See docs/notes/worker_format_migration.md for complete field documentation.

Sandbox limits file access:

sandbox:
  paths:
    input:
      root: ./input
      mode: ro
      suffixes: [.pdf, .txt]
    output:
      root: ./output
      mode: rw

Worker delegation lets workers call other workers via the worker_call tool:

# In your worker's instructions, tell the LLM about delegation:
allow_workers:
  - pitch_evaluator

# The LLM can then use the worker_call tool:
# worker_call(worker="pitch_evaluator", input_data={...}, attachments=["input/deck.pdf"])

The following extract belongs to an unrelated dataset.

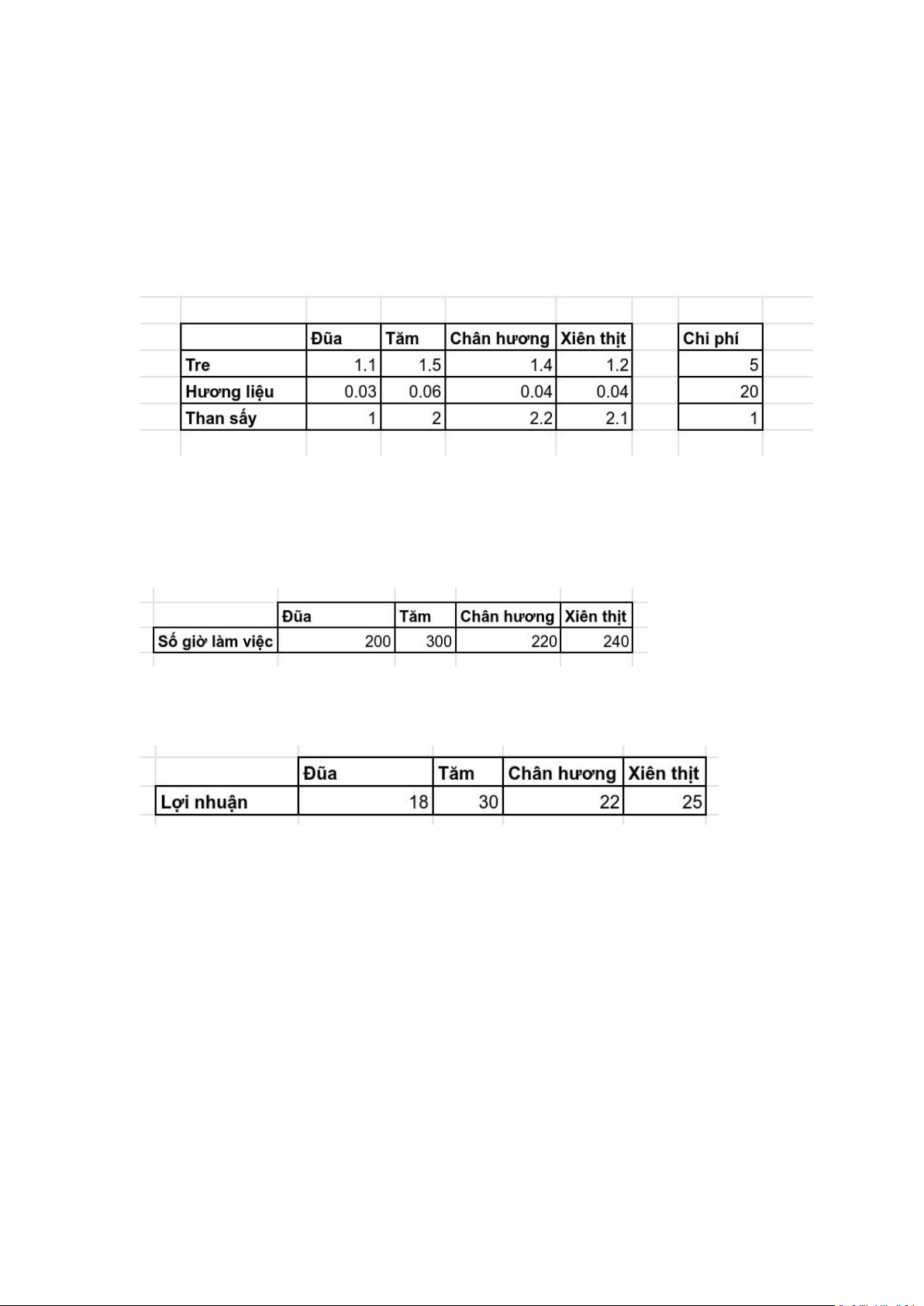 0.2 tấn hương liệu và 10 tấn than sấy. Hỏi nhà máy cần lập kết hoạch sản

The orchestrator worker delegates work, the evaluator worker processes it—clean separation of concerns.

Custom tools extend workers with Python code:

# workers/calculator/tools.py
def calculate_fibonacci(n: int) -> int:
    """Calculate the nth Fibonacci number."""
    if n <= 1:
        return n
    a, b = 0, 1
    for _ in range(2, n + 1):
        a, b = b, a + b
    return b

Functions in tools.py are automatically registered as tools the LLM can call. Workers also have access to toolsets for file operations (when a sandbox is configured). See examples/calculator/ for a complete example.

See docs/worker_delegation.md for detailed design.

Architecture

llm-do uses a clean, modular architecture with dependency injection to eliminate circular dependencies and maintain clear separation of concerns.

Core Modules

  • runtime.py (540 lines) — Main orchestration: worker delegation, creation, and execution lifecycle
  • protocols.py (97 lines) — Interface definitions for dependency injection (WorkerDelegator, WorkerCreator)
  • tools.py (282 lines) — Tool registration (sandbox ops, worker delegation, custom tools)
  • execution.py (278 lines) — Agent runners and execution context preparation
  • approval.py (76 lines) — Approval enforcement and session tracking
  • types.py — Type definitions and data models
  • registry.py — Worker definition loading and persistence
  • sandbox.py — Sandboxed filesystem operations with security enforcement

Key Design Patterns

Protocol-Based Dependency Injection: Tools depend on abstract protocols rather than concrete implementations, enabling recursive worker calls without circular imports:

# tools.py depends on protocols (interfaces)
from .protocols import WorkerDelegator, WorkerCreator

def register_worker_tools(agent, context, delegator: WorkerDelegator, creator: WorkerCreator):
    # Tools use injected implementations
    @agent.tool(name="worker_call")
    async def worker_call_tool(...):
        return await delegator.call_async(...)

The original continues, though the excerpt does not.